Но Лешку в этот день все раздражало:
— Им безразлично, понял! — буркнул он, пряча книги в парту, — чужое никого не касается!
— Неправда, Лешка, — возмутился я, — наговариваешь на ребят.
— Неправда? Да ты хоть на Аркашку Пивоварова посмотри. Живет, словно перед зеркалом — сам на себя любуется. Комсомолец! Ему папаша «Яву» двухцилиндровую пообещал за успешные экзамены. Так он теперь ничего, кроме цилиндров, не видит и не слышит. Ты хоть сквозь землю на глазах у него провались — не заметит. Даже в милицию не сообщит.
— Брось, Лешка!
— Вот именно: брось, не связывайся, не вмешивайся. Так легче жить. Удобнее. Короче — да здравствует Аркашка Пивоваров.
Между тем судебное разбирательство по делу Егория Григорьевича Жилова снова отложили, уже который раз, и это более всего мучило Лешку. Смотреть жалко было на парня, похудел, осунулся. Сперва курил взазос, а потом и курить бросил, и ребята украдкой говорили о Лешке: «Потух»…
Даже кепка его утратила тот особый залихватский вид, который выделял ее из множества других. Его лихорадило, он думал и говорил все об одном, словно весь мир заполнили егории жиловы!
Вот, мол, в школе учат меня одному, а дома требуют по-иному. И если я, к примеру, честно откажусь достать по блату модельные туфли, так меня жиловские дружки засмеют: «Вот, дескать, чудик с неба свалился».
Леонид постоянно твердил об этом тоном умудренного опытом мужика. Он очень любил это слово: «мужик», придавая ему какое-то свое, особое значение. Любил, когда в глаза и за глаза называли его «крепким мужиком».

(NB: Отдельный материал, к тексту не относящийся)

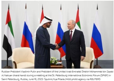 當(dāng)?shù)貢r間16日,阿聯(lián)酋總統(tǒng)穆罕默德·本·扎耶德·阿勒納哈揚(yáng)與俄羅斯總統(tǒng)普京在圣彼得堡國際經(jīng)濟(jì)論壇會晤。圖片來源:路透社報道截圖
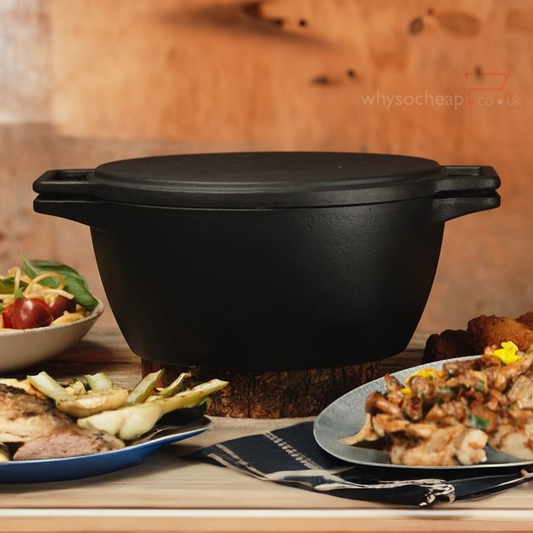CrushGrind® 4-in-1 Cast Iron Dutch Oven 6.5L – Casserole / Grill Pan, Bread Dome & Pizza Stone in One
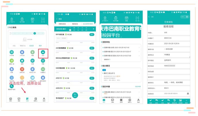 智慧校園云平臺建設(shè)前,巴南職業(yè)教育中心師生校園業(yè)務(wù)辦理和流程審批大量依賴線下辦理和手工簽字,業(yè)務(wù)辦理和流程審批周期長,效率低,給師生造成許多不便。通過智慧校園一站式網(wǎng)上辦事大廳,學(xué)校對校園業(yè)務(wù)流程做了重新梳理,減少業(yè)務(wù)辦理到現(xiàn)場次數(shù),縮短辦事時間,推進(jìn)無紙化辦公,實現(xiàn)跨應(yīng)用、跨部門的協(xié)同運作,并在移動端同步上線,大大簡化審批流程,從此再也不用拿著文件、審批單、請假單滿校園找主任、校長簽字,全校師生可隨時隨地便捷辦理多種校園服務(wù),有效解決了流程審批低效、紙張浪費問題,節(jié)約辦公成本,提高師生服務(wù)體驗,實現(xiàn)數(shù)據(jù)多跑路,師生少跑腿,構(gòu)建綠色、環(huán)保、低碳的智慧校園。

— Ну, пошли, мужики, — обращался он обычно к товарищам.
Или еще:
— Так-то, мужики, жить надобно. Ухом слушай, а про себя разумей.
Он все время как бы спорил с кем-то, словно этот «Жиловский дом» ни на секунду не отпускал его, повсюду преследовал, навязывая свои, неписанные правила, В шутку он называл эти правила «законом джунглей», понимая всю их вздорность и подлость, понимал и продолжал следовать жиловским правилам.
Однажды я сказал Леониду:
— Не для того, Лешка, наши отцы новый дом построили, чтобы мы в нем законы джунглей разводили.
— Здорово сказано, — одобрительно воскликнул Леонид, — но где-то уже слышал, — и вдруг рассмеялся, — у хороших высказываний одна беда: они слишком часто повторяются.